Saved data entries
* * *
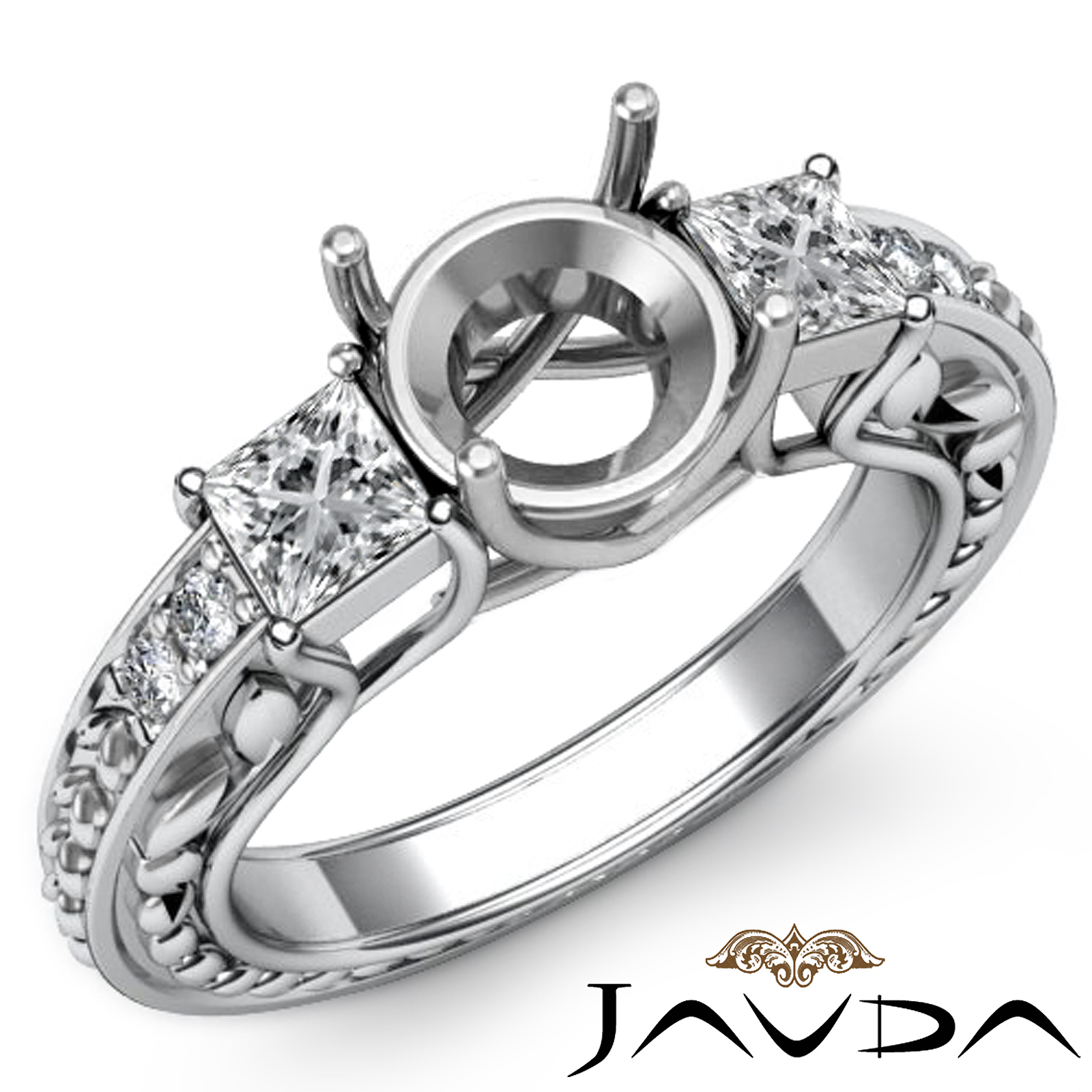 Delicately set round diamond semi mount and princess cut side stones in prong setting, this three stone ring looks ecstatic. Smaller round diamonds and leaf motifs highlight the ring. This 0.40ct. ring is made in 14K white gold.
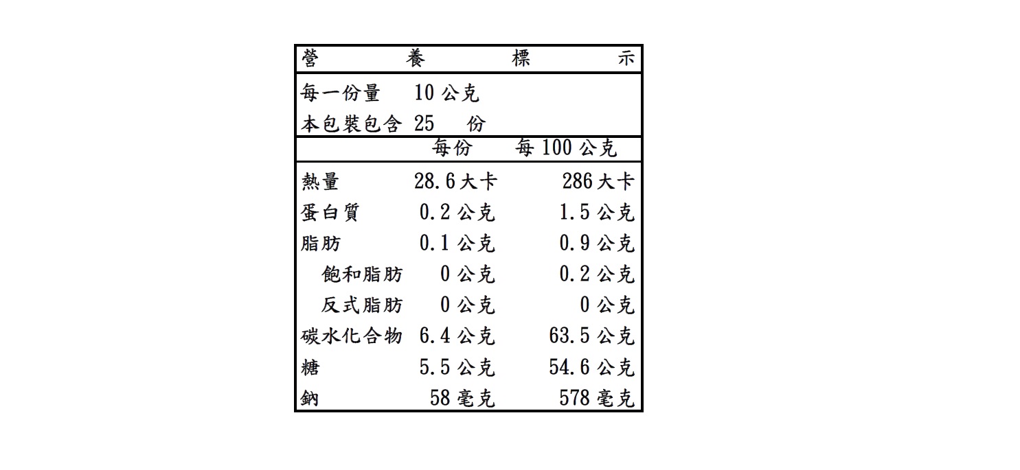 食品添加物:紐甜(甜味劑)、乙基麥芽醇(香料)、綠茶香料、苯甲酸(防腐劑)
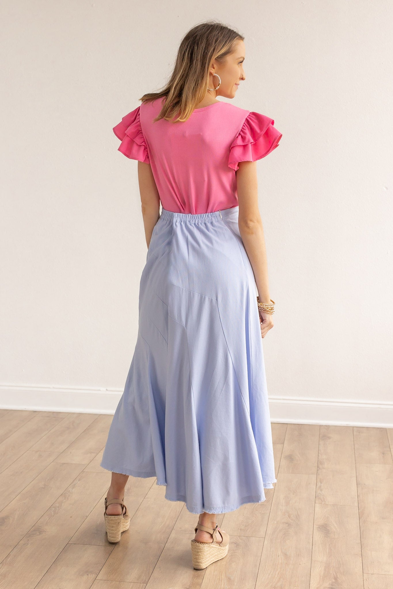 Discover versatility with our Blue Linen Versi Dress. This magical dress transforms an outfit in three different ways. Wear our beautiful piece as a traditional dress, or remove the shoulder straps from the button enclosure to reveal a stunning strapless look. Need another outfit? Turn that strapless dress into a skirt and add your favorite Grace+Emma graphic tee! Style and versatility... that's what we strive for!
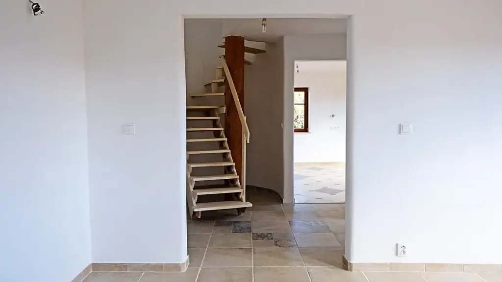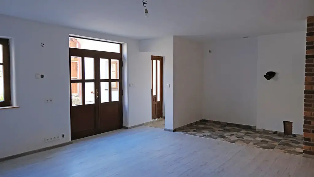 - 1.hlavní vchod (dolní vstup z ulice), vstupní chodba, velký obyvací pokoj (příprava pro krbová kamna) se vstupem na uzavřený dvůr (63 m2) a sam.WC + umyvadlo, ložnice s vlastní koupelnou (sprchový kout + umyvadlo) a příprava pro krbová kamna, 2.vchod do domu, prostor připravený pro kuchyni s posezením, dřevěné schodiště do 1.patra
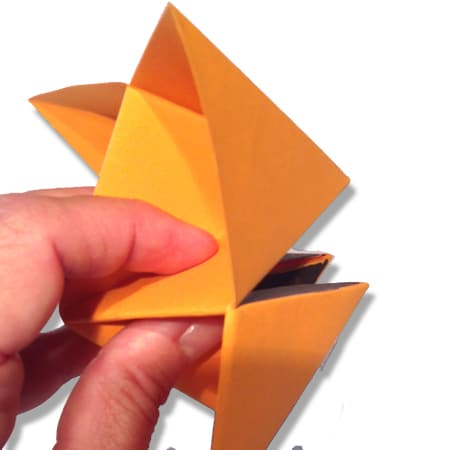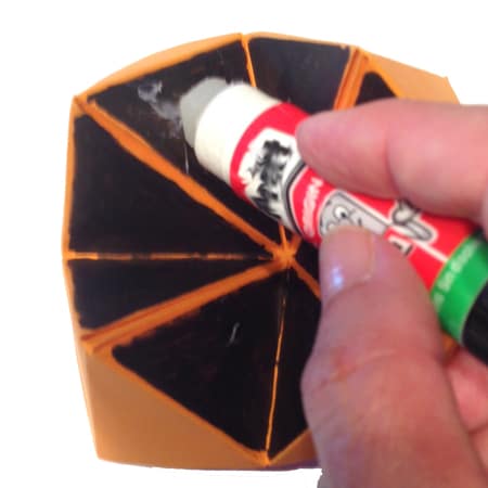 - Incollare tra di loro i triangoli interni del senso verticale, in modo che il lavoro si possa aprire solo in un senso. Lasciare asciugare;
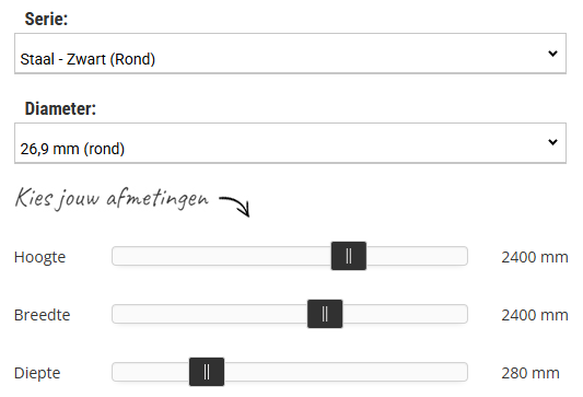 Met behulp van schuifknoppen geef je zelf de gewenste buitenmaat van het meubel aan. Let op: dit is dus niet de lengte van de buizen zelf, maar de totale afmetingen van het eindresultaat.
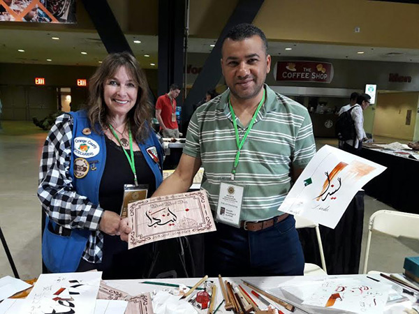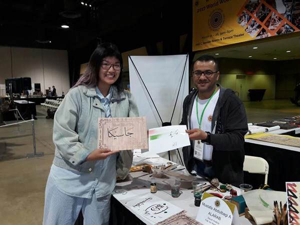 وبين العرب، أن مشاركته كانت بهدف إيصال ثقافة الخط العربي وأدواته للمجتمع الغربي.
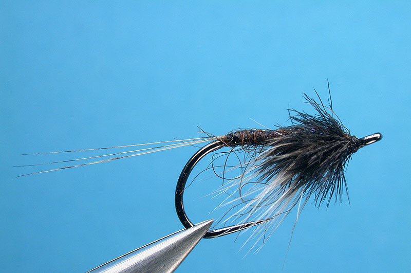| Abdomen: | Holographic tinsel, black; alpaca, brown, sparse(!) - in split thread - then twisted together |
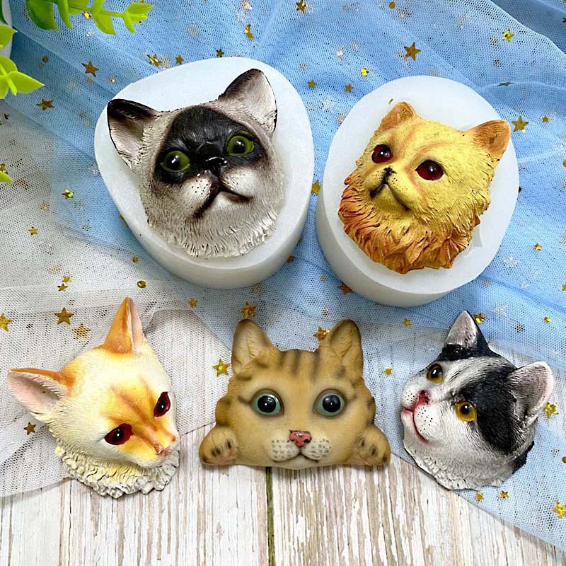 中国式のアニメ動物の猫の頭の形のチョコレートのシリカゲルの鋳型の手作りの風口は石膏の香薫の石けんの鋳型を掛けます。
* * *
Copy only this from above: the line containing "Met behulp van", the line containing "twisted together |", and all lines between, printed exactly. Leave out the pictures.

## Solution for this problem:
 Met behulp van schuifknoppen geef je zelf de gewenste buitenmaat van het meubel aan. Let op: dit is dus niet de lengte van de buizen zelf, maar de totale afmetingen van het eindresultaat.
 وبين العرب، أن مشاركته كانت بهدف إيصال ثقافة الخط العربي وأدواته للمجتمع الغربي.
| Abdomen: | Holographic tinsel, black; alpaca, brown, sparse(!) - in split thread - then twisted together |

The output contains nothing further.